Vicente Rivera was the one who answered. “I dragged him up to the rooftop storage space where we stored his old drum kit and I said, ‘Okay, let’s go take this to the dump.’” The older man shook his head. “I got that drum kit real cheap after I did a small construction job for a deli owner whose son didn’t want it anymore, and David, he loved it.”

David rubbed his face, then smiled. “I did,” he admitted. “We kept it in the rooftop shed so I could haul it out onto the roof and practice without the neighbors getting mad. I almost cried when he told me he was taking it to the dump.”

“And still he agreed!” Vicente threw up his hands. “First time in my life I’ve been so angry with one of my children. I told him—your music is in your blood. You think we want this? For you to live a life you don’t want? We didn’t fight to bring you up right so you could throw your dreams away.”

Thea’s eyes burned at the love in Vicente’s words, in Mrs. Rivera’s expression. “You clearly got through,” she said, unable to imagine David without his music. The passion on his face when he picked up the sticks, when he created the rhythm that held an entire song together, it was electric to witness.

“Of course we did,” Mrs. Rivera said. “He’s always been too responsible, David. You’ll have to watch that.”

“Mom.” David glared. “You’ll be pulling out baby photos next.”

Mrs. Rivera’s eyes lit up. “Oh, you must see, Thea! He was the sweetest baby.”





Chapter 9


By the time David and Thea left an hour and a half later, David was even more in love with Thea than he had been before. She’d treated his folks with warmth and affection, fitting seamlessly into his family like a missing puzzle piece.
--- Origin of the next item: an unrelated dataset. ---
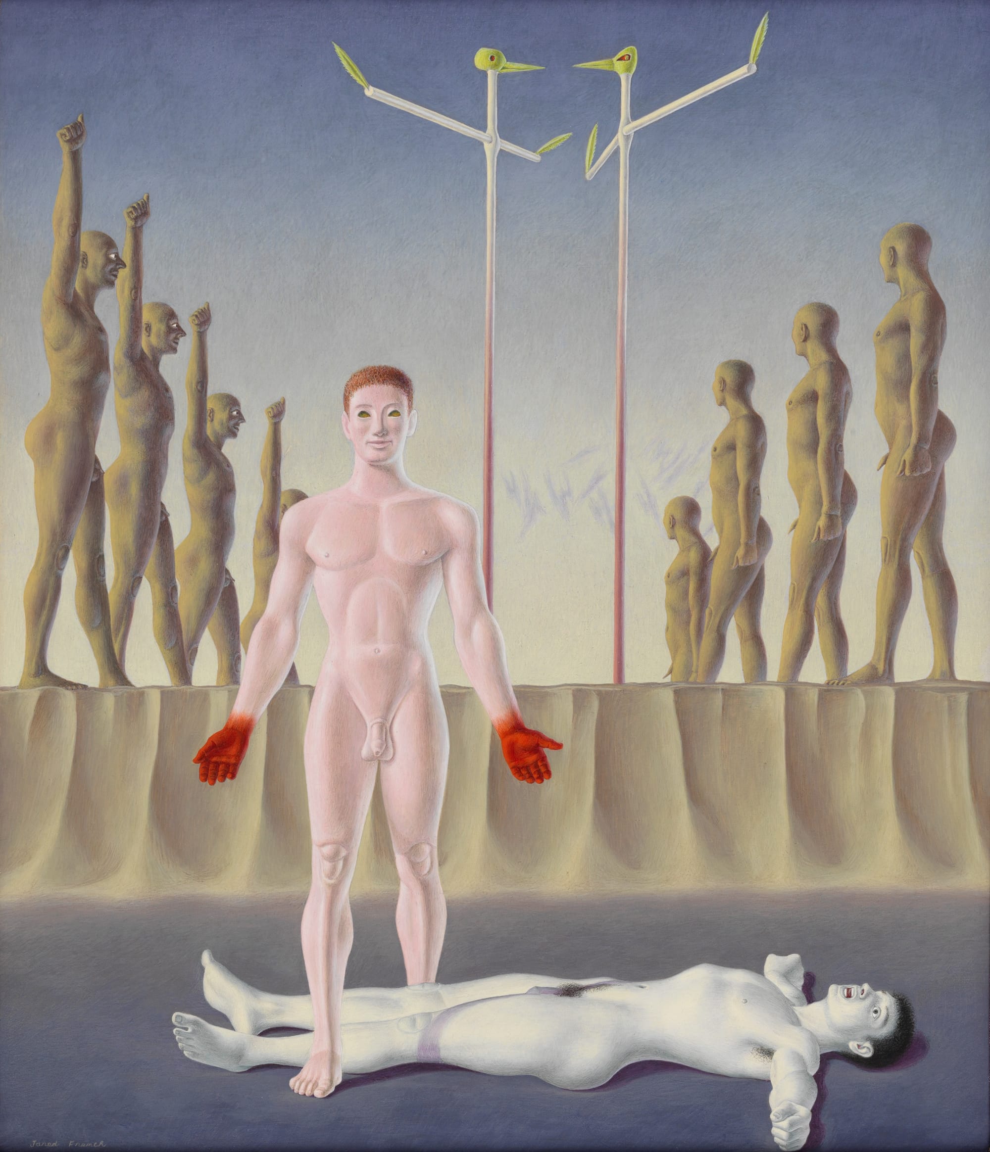 Thankfully, there are some freakier, surreal works, like Jared French’s “Murder” (1942). An idealized male nude with bloody hands stands over a screaming male nude. The work is intentionally cryptic but the message isn’t lost on anyone. French has often been left out of art history despite the high quality of his work, likely because he was too homoerotic for the men writing and curating.

He could only hope he’d do the same when she trusted him with her own family.

“You realize,” she said, “I now have enough blackmail material for eternity?”
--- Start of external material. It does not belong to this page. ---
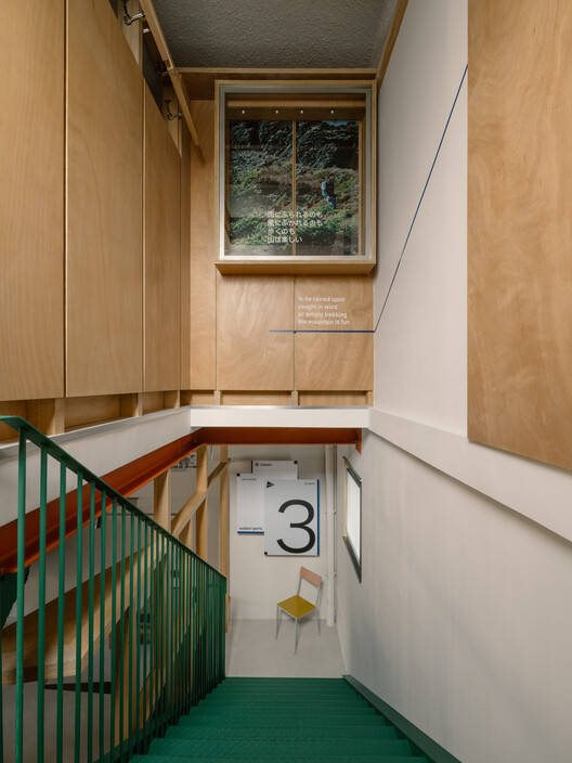 垂直循环变成了一个动态的旅程:绿色的楼梯穿过悬挑的平台,构成了楼层间零散的景观。木制框架充当了可渗透的屏幕,展示了建筑元素与多种材料和颜色标记相结合的分层场景,行走充满了活力。

“I’m burning those photos next time I go home.”

Thea’s laughter wrapped him in a thousand silken chains he didn’t want to escape. “I’ve heard the four of you talk about what it was like to be flat broke when Schoolboy Choir first started out,” she said, “but I never considered how tough that decision must’ve been for you.”

That was because David didn’t discuss it. It was too private. But this was Thea, who could ask him anything she damn well wished. “Fox, Abe, Noah, they were all getting ready to hit the road and start gigging after we graduated.” Noah had been ready to say fuck it to school by the time he was sixteen, had stayed on only because the rest of them refused to quit for reasons of their own.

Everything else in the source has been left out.